→ Exercise aim: All the data that follows should be repeated exactly, without a single picture.
- - -
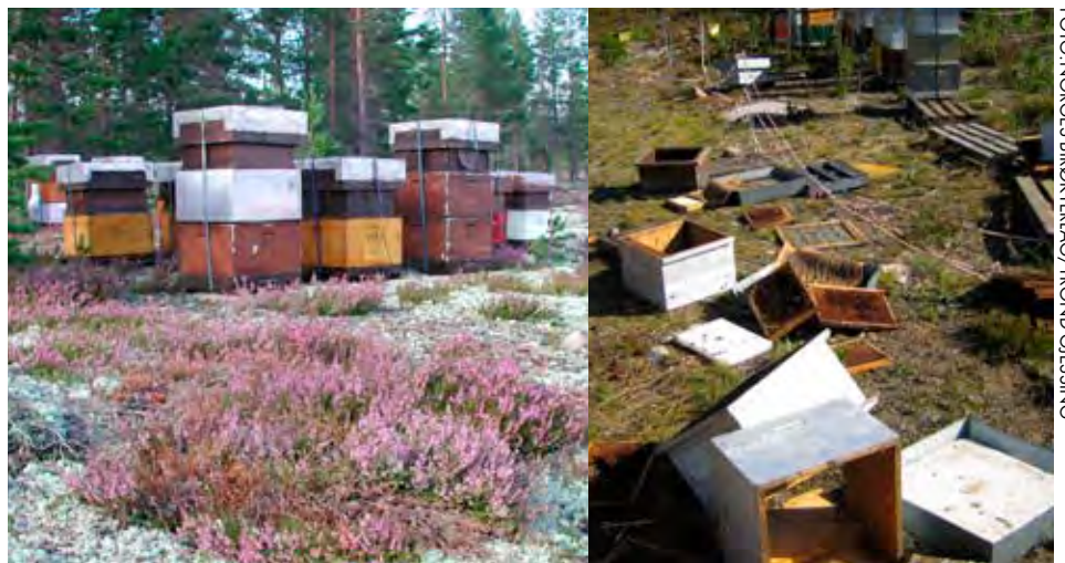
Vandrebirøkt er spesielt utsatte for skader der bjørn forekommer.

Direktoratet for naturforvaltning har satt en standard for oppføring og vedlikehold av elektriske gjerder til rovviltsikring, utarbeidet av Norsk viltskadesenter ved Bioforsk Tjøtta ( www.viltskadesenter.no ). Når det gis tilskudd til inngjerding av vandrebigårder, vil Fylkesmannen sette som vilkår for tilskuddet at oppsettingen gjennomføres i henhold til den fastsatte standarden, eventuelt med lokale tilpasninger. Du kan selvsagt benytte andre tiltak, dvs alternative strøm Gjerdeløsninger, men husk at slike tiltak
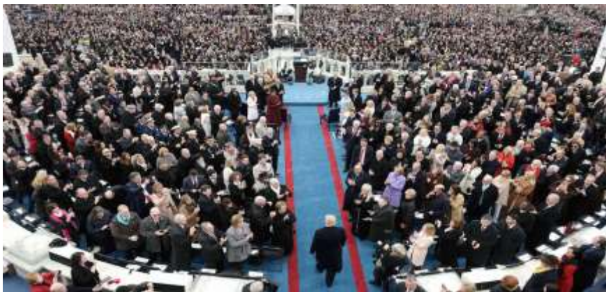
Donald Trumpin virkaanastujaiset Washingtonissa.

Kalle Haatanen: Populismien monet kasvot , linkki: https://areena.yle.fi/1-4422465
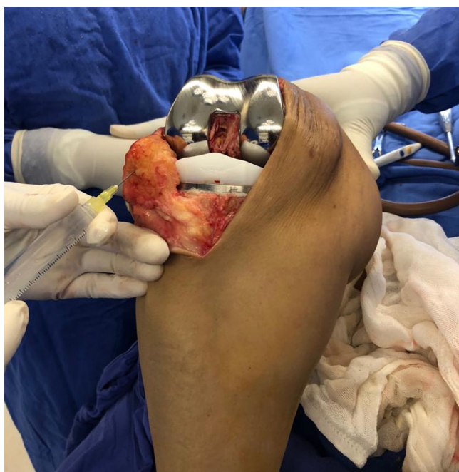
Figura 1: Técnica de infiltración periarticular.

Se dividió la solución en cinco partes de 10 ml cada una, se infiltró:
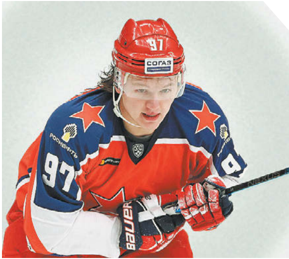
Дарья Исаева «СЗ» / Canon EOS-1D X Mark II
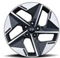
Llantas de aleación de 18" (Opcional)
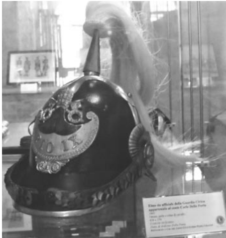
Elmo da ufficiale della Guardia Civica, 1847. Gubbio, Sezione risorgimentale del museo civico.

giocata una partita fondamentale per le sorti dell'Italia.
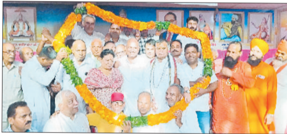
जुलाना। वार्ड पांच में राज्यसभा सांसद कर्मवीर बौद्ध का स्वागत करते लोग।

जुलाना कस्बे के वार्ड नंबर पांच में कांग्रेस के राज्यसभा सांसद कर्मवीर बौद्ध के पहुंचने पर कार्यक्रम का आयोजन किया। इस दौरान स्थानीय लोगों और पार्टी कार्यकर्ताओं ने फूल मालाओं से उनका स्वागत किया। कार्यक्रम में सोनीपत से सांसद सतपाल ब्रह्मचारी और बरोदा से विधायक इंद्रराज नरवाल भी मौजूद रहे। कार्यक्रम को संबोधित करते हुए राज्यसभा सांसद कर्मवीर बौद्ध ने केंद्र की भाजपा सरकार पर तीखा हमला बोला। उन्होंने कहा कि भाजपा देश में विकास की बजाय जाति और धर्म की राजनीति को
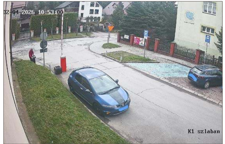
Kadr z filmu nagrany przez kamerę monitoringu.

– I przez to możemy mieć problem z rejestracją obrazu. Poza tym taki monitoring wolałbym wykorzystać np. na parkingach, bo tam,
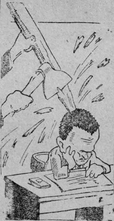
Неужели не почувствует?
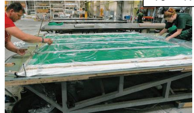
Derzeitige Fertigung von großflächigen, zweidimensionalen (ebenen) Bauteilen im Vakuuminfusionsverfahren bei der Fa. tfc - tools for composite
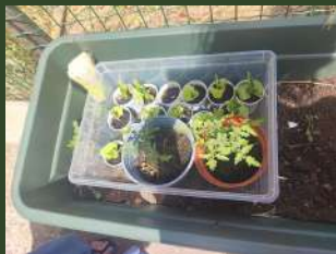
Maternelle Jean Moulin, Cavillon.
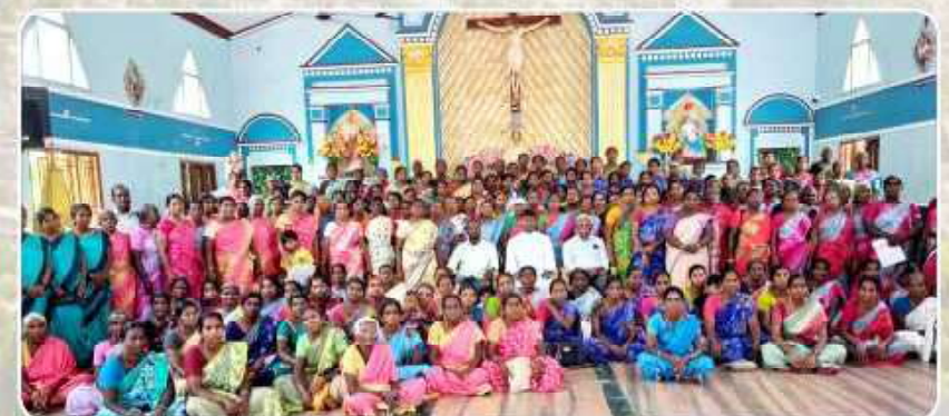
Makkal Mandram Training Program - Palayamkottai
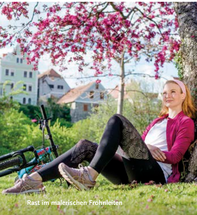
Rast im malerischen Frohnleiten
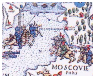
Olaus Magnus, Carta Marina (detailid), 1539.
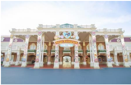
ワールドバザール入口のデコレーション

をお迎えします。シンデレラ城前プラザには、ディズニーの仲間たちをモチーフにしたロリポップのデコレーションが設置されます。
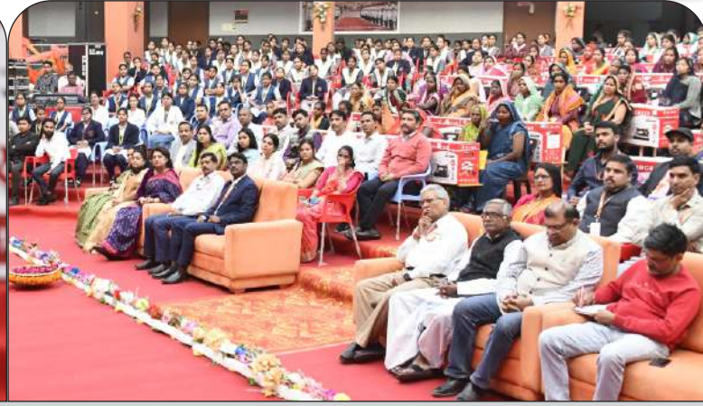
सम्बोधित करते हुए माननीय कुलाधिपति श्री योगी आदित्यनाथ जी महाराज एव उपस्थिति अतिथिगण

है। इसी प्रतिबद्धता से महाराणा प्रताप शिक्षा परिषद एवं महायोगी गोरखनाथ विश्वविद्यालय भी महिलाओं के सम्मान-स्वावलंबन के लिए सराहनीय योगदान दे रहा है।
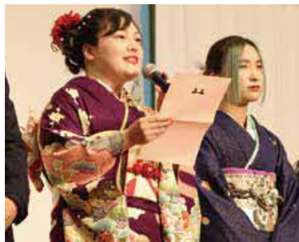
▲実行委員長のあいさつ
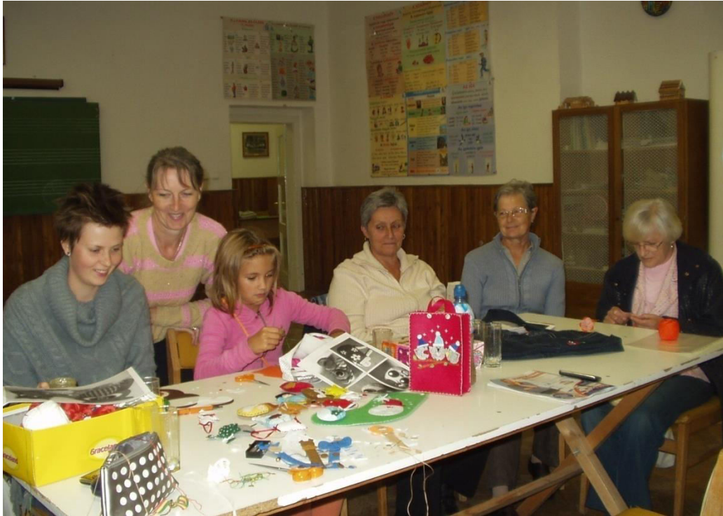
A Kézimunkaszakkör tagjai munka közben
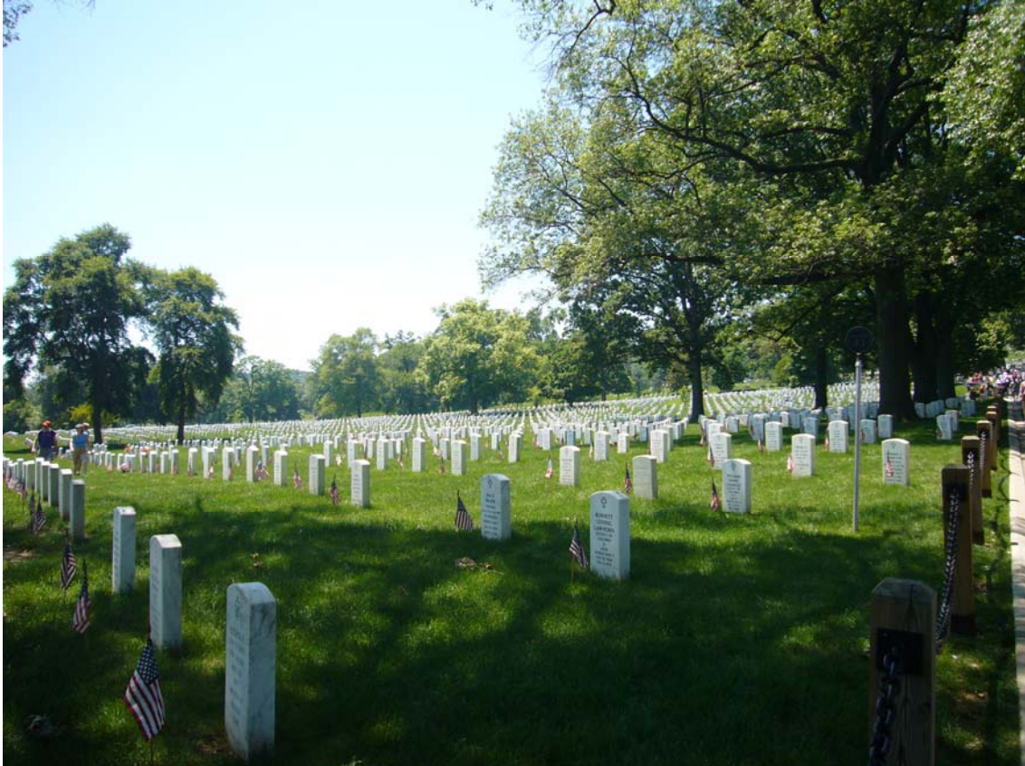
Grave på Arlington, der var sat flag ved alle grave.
- - -
→ Your response:
Vandrebirøkt er spesielt utsatte for skader der bjørn forekommer.

Direktoratet for naturforvaltning har satt en standard for oppføring og vedlikehold av elektriske gjerder til rovviltsikring, utarbeidet av Norsk viltskadesenter ved Bioforsk Tjøtta ( www.viltskadesenter.no ). Når det gis tilskudd til inngjerding av vandrebigårder, vil Fylkesmannen sette som vilkår for tilskuddet at oppsettingen gjennomføres i henhold til den fastsatte standarden, eventuelt med lokale tilpasninger. Du kan selvsagt benytte andre tiltak, dvs alternative strøm Gjerdeløsninger, men husk at slike tiltak
Donald Trumpin virkaanastujaiset Washingtonissa.

Kalle Haatanen: Populismien monet kasvot , linkki: https://areena.yle.fi/1-4422465
Figura 1: Técnica de infiltración periarticular.

Se dividió la solución en cinco partes de 10 ml cada una, se infiltró:
Дарья Исаева «СЗ» / Canon EOS-1D X Mark II
Llantas de aleación de 18" (Opcional)
Elmo da ufficiale della Guardia Civica, 1847. Gubbio, Sezione risorgimentale del museo civico.

giocata una partita fondamentale per le sorti dell'Italia.
जुलाना। वार्ड पांच में राज्यसभा सांसद कर्मवीर बौद्ध का स्वागत करते लोग।

जुलाना कस्बे के वार्ड नंबर पांच में कांग्रेस के राज्यसभा सांसद कर्मवीर बौद्ध के पहुंचने पर कार्यक्रम का आयोजन किया। इस दौरान स्थानीय लोगों और पार्टी कार्यकर्ताओं ने फूल मालाओं से उनका स्वागत किया। कार्यक्रम में सोनीपत से सांसद सतपाल ब्रह्मचारी और बरोदा से विधायक इंद्रराज नरवाल भी मौजूद रहे। कार्यक्रम को संबोधित करते हुए राज्यसभा सांसद कर्मवीर बौद्ध ने केंद्र की भाजपा सरकार पर तीखा हमला बोला। उन्होंने कहा कि भाजपा देश में विकास की बजाय जाति और धर्म की राजनीति को
Kadr z filmu nagrany przez kamerę monitoringu.

– I przez to możemy mieć problem z rejestracją obrazu. Poza tym taki monitoring wolałbym wykorzystać np. na parkingach, bo tam,
Неужели не почувствует?
Derzeitige Fertigung von großflächigen, zweidimensionalen (ebenen) Bauteilen im Vakuuminfusionsverfahren bei der Fa. tfc - tools for composite
Maternelle Jean Moulin, Cavillon.
Makkal Mandram Training Program - Palayamkottai
Rast im malerischen Frohnleiten
Olaus Magnus, Carta Marina (detailid), 1539.
ワールドバザール入口のデコレーション

をお迎えします。シンデレラ城前プラザには、ディズニーの仲間たちをモチーフにしたロリポップのデコレーションが設置されます。
सम्बोधित करते हुए माननीय कुलाधिपति श्री योगी आदित्यनाथ जी महाराज एव उपस्थिति अतिथिगण

है। इसी प्रतिबद्धता से महाराणा प्रताप शिक्षा परिषद एवं महायोगी गोरखनाथ विश्वविद्यालय भी महिलाओं के सम्मान-स्वावलंबन के लिए सराहनीय योगदान दे रहा है।
▲実行委員長のあいさつ
A Kézimunkaszakkör tagjai munka közben
Grave på Arlington, der var sat flag ved alle grave.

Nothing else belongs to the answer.